→ Your goal
Using the data below, transcribe exactly everything from the line that contains "Cute Corgi, med" down to the line that contains "дать ей стечь.". Include both of those lines and none of the pictures.

→ Supplied material
################
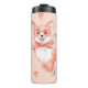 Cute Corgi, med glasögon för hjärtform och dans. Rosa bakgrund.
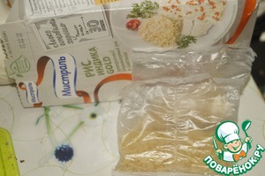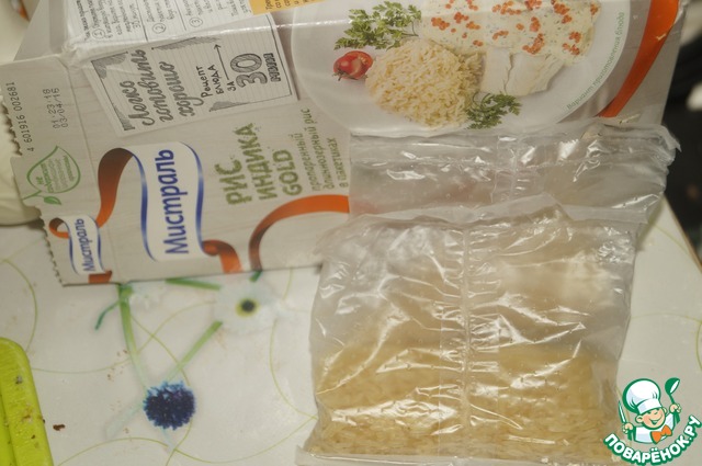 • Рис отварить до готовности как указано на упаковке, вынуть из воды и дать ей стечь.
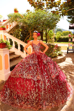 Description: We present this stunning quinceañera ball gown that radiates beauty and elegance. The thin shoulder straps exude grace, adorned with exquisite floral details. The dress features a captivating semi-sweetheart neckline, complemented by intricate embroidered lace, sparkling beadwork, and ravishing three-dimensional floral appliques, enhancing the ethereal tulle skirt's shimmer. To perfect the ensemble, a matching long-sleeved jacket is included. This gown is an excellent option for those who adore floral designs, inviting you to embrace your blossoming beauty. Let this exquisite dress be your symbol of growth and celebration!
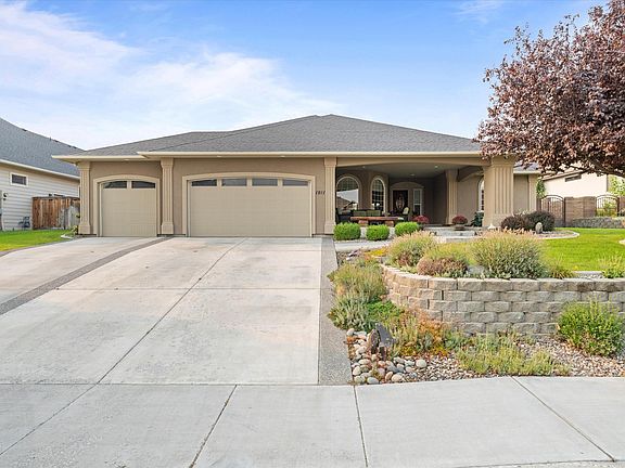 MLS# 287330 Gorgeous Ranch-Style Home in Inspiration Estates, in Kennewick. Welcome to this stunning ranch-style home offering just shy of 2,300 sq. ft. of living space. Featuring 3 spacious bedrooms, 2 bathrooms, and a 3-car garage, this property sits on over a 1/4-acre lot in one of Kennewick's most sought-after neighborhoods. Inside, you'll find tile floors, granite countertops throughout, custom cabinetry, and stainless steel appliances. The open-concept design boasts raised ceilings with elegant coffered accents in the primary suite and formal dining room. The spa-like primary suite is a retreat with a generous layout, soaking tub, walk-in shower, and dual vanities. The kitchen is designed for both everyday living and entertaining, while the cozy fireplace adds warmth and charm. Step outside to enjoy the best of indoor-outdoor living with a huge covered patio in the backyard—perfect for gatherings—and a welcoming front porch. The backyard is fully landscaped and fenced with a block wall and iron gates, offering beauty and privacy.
################
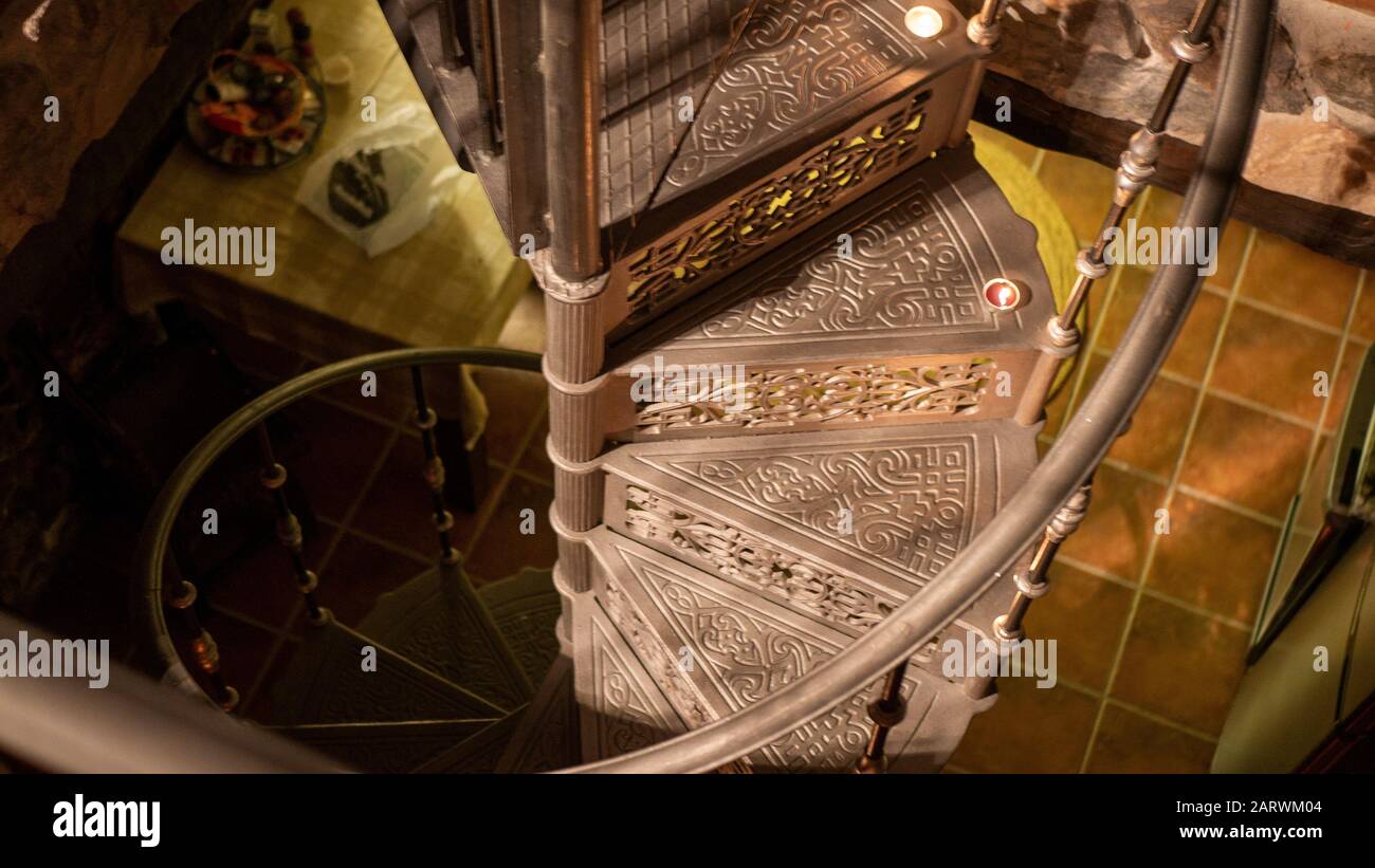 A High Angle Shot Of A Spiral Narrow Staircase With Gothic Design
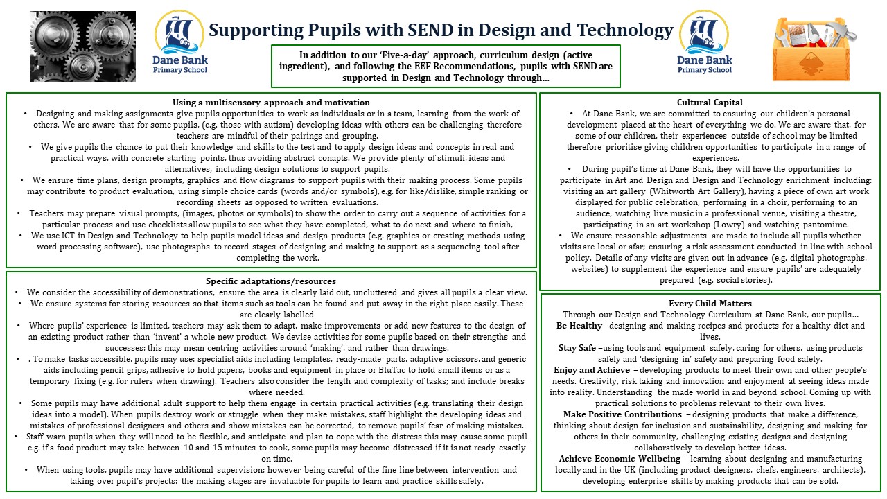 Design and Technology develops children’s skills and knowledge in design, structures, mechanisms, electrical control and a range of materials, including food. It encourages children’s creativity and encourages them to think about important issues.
################
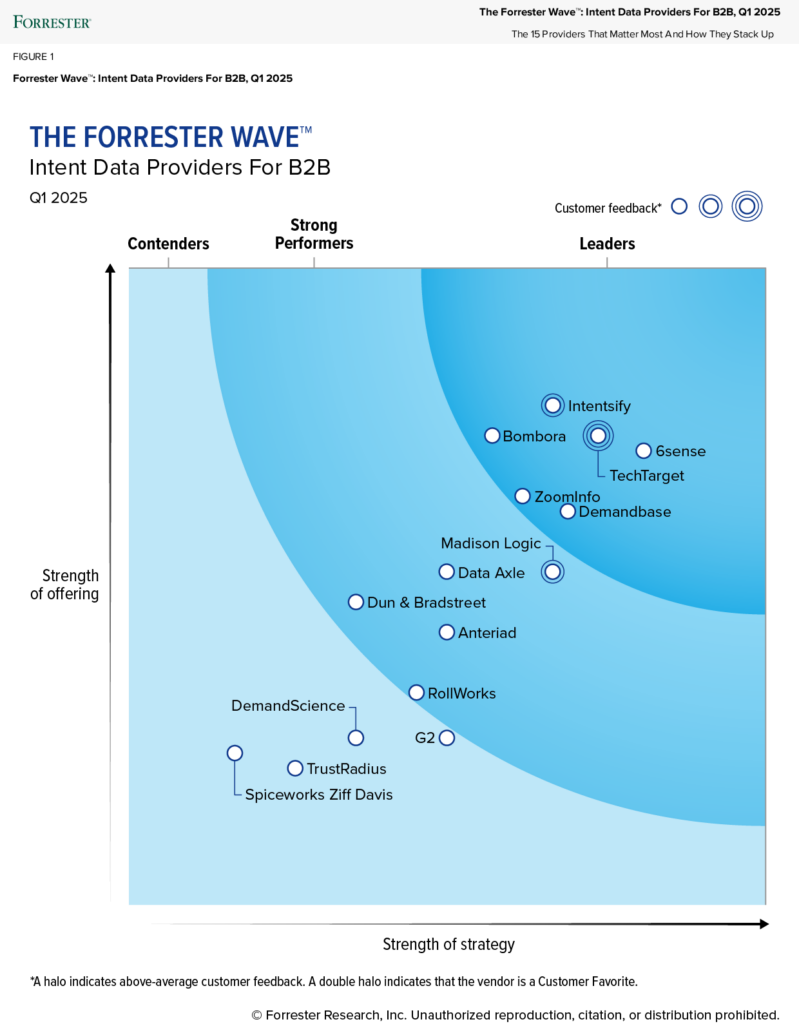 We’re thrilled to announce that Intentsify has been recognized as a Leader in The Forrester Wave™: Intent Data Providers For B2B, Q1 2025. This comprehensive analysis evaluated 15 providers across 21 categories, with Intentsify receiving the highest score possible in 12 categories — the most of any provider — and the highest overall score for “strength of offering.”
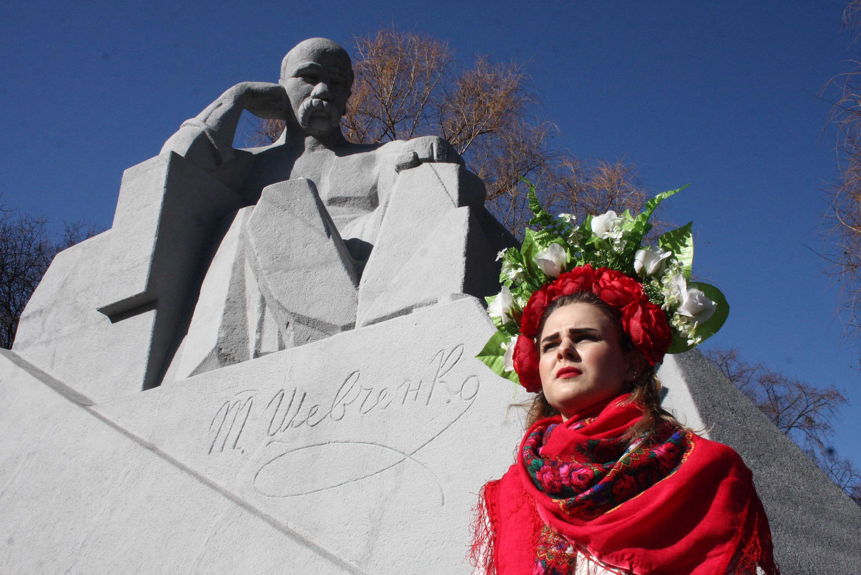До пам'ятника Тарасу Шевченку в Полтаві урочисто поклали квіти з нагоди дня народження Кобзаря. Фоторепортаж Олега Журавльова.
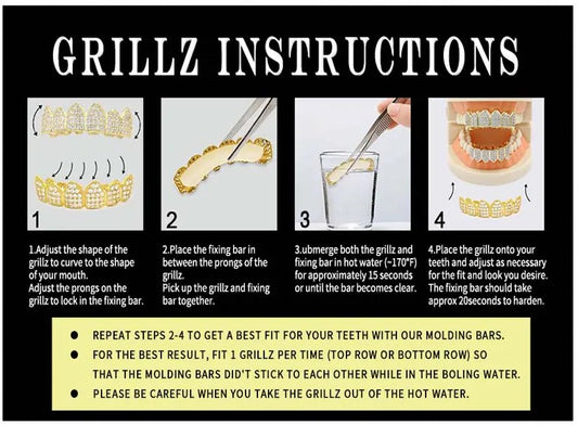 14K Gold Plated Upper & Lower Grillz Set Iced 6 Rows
################
→ Reply to the task
 Cute Corgi, med glasögon för hjärtform och dans. Rosa bakgrund.
 • Рис отварить до готовности как указано на упаковке, вынуть из воды и дать ей стечь.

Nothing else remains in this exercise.